Байдара была разбита на шесть весел по-баркасному; мне приходилось сидеть на корме; править веслом на большом течении тяжело, но недаром составилась пословица «Голь на выдумки хитра»: дверные крючья заменили рулевые, сковородные ручки согнулись в петли, и руль был навешен обыкновенный.
Груз состоял следующий: 21 пуд сухарей, то есть на три месяца, считая по пуду в месяц на человека; 1 пуд 30 фунтов сухарей для угощения туземцев и Татлека, взятого в этот поход толмачом; 30 фунтов ветчины; 131
/2 фунта чая; по 8 фунтов сахара на человека; 13 фунтов соли; 18 фунтов пороха и патронов; 1 винтовка; 2 дробовика; 2 фузеи; 6 пистолетов; 4 топора; 1 пальма; чемодан с астрономическими инструментами и палатка.Собственно из товаров было взято: 20 фунтов табака;, 11 фунтов бисера белого, красного и черного; 80 ниток бус стального цвета; 6 пар серег бронзовых; 24 пары серег со стеклянными под эмаль подвесками; 3 пары браслетов медных; 2 пары железных; 4 гамзы якутских; 75 щелкушек[296]
; 40 колокольчиков; 6 гребней роговых; 4 огнива; 3 небольших зеркала; 4 ножа якутских; 9 ножей чищельных; 8 топориков алеутских; 400 игол; 22 перстня медных; 6 трубок оловянных; 517 штук пуклей; 10 пуговиц дутых; 20 пуговиц форменных морских.В 3 часа утра, найдя близ одного разлога не потопленную площадку, мы остановились для отдыха, пройдя от Нулато не более 4 миль. Течение вообще сильное, при выдавшихся утесистых мысках рвет, как говорится, с огня; один из таких мысов, на протяжении 50 или 60 сажен, мы огребали ровно 40 минут. Вскоре после остановки подплыли к нам три лодки торговцев с реки Юннака; от них к обеду мы поживились журавлем и еще не отвалили с места, как, сдав свои промысла в Нулато, они соединились с нами.

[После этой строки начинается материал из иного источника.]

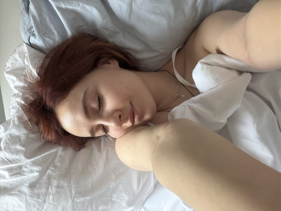 A young adult female is depicted in an indoor setting, lying in a bed with her head resting on white bedding. She is covered by a white duvet. The individual has short, reddish-brown hair and a fair complexion. Her eyes are closed, and her lips show a subtle, peaceful smile. She is wearing a white tank top and a thin silver necklace with a small pendant. Her right arm is bent, with her hand or forearm positioned against the side of her face. Portions of light blue/grey bedding are visible in the background. The precise location within the city of Reims, France, cannot be determined from the visual content of the image.

Палатка оказалась тесной для 8 человек, но главное, чтоб не быть беспокоиму от команды при записке журнала и производстве астрономических вычислений, я сшил себе в Нулато полог из крашенины, подобный тем, какие обыкновенно употребляются астраханскими рыбаками. Не замечая больших комаров во время ночи, мы поленились поставить свои палатки и за то заплатили бессоницей. Не сказать о комарах и москитах ни слова — значило бы умолчать об ощутительнейшем мучении, которое привелось нам испытать во время этого похода, мучении, к которому привыкаешь, как к необходимому злу, но не имеешь ни средств, ни воли от него освободиться.
Туземцы избавляются от докуки комаров, держа пред собой головню гнилого дерева. Из нас при начале пути некоторые надевали сетки из оставшегося от очков сита, но удушаемые жаром, вскоре бросили все предосторожности и притерпелись.
В четвертом часу, когда жар несколько спал, мы пустились далее. Быстриной при устье Илькутляля отбросило нас к левому берегу. Следуя вдоль него более мили, нечувствительно заехали в заводь, о которой только тогда догадались, когда увидели, что выход прегражден множеством каршей[298]
, замытых на косе, в межень выдавшейся почти на половину ширины реки. Возвращаться было далеко, попытались перетащиться по меляку, и усилия наши увенчались успехом. Вплоть к берегу, на песчаном мысу, от которого протягивается коса, стоял запор; туземец вынимал из него несколько рыб. На обходе запора нашел порывом свежий ветер от NNO; поспешили пристать к берегу и от прибоя вытащили байдару на песок — это было к нашему счастью; при выгрузке заметили, что забыли ящик с ветчиной и солью. В ветчине заключался весь наш запас на крайний случай, без соли мы не могли обойтись; сосед-туземец согласился съездить за ними в Нулато.